The repatriation deal does not take Rohingya refugees' rights into consideration, said the European Rohingya Council (ERC). Its Malaysia ambassador, Tengku Emma Zuriana, has spoken out against it. "This repatriation process should not proceed until the safety of the Rohingya [can be] ensured," she said. Malaysia is home to about 150,000 Rohingya. Several non-government organisations held a press conference here on Thursday to discuss the repatriation plan.

The United Nations and United States have stated the violent actions taken by Myanmar's armed forces and "local vigilantes" amount to ethnic cleansing against its Rohingya minority. "This must be a voluntary process, in safety and dignity, and for them to return to their homes - not into camps. And if there's any loss of property and life, it must be compensated fairly," Zuriana said.
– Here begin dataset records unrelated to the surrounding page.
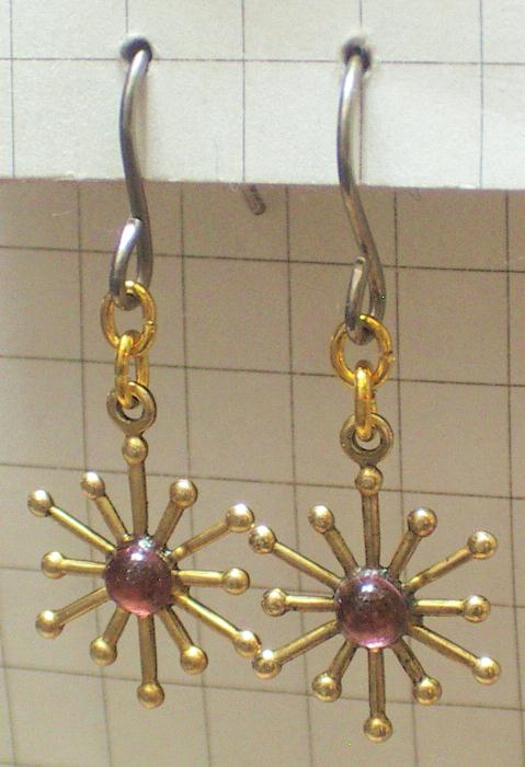 天然石ガーネットのついた華奢な雪の結晶ピアス~純チタンフック金具の揺れるピアス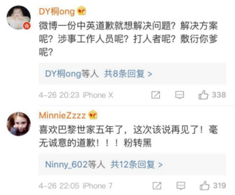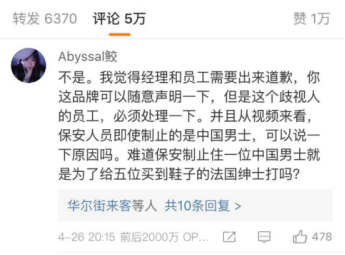 “微博一份中英道歉就想解决问题?解决方案呢?涉事工作人员呢?打人者呢?”网友“DY桐ong”说。网友“ABYSSAL鲛”也表示,经理和员工需要出来道歉,品牌可以“随意声明一下”,但是歧视人的员工必须处理。
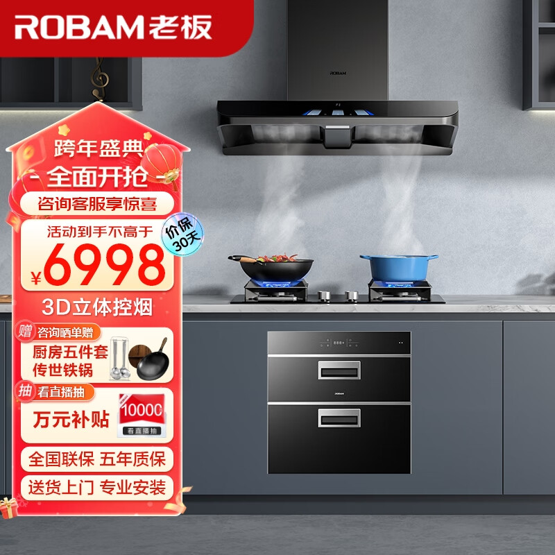 老板(Robam)抽油烟机厨房多件套 钢琴家D3S双腔变频24风量欧式家用灶具消毒柜三件套62D3S+57B2DT+XZ716A价格:6998.00元!

Malaysian civil society groups and faith-based organisations urged the Myanmar government to end the violence, and to ensure the safety of the Rohingya living in Rakhine state before any repatriation process begins. The Malaysia Consultative Council of Islamic Organisation (MAPIM) said any repatriation deal must include protection and compensation for Rohingya refugees in Bangladesh who've lost everything amid the heavy-handed "security clearance" operation.

"Even if the agreement has been finalised, we strongly call on the UN to ensure safe passage for the Rohingya to return back to their homes," said MAPIM President Mohd Azmi Abdul Hamid. He went on to ask the international community and the Association of Southeast Asian Nations (ASEAN): "What repatriation are they planning to implement when the Rohingya's' lives are totally destroyed?"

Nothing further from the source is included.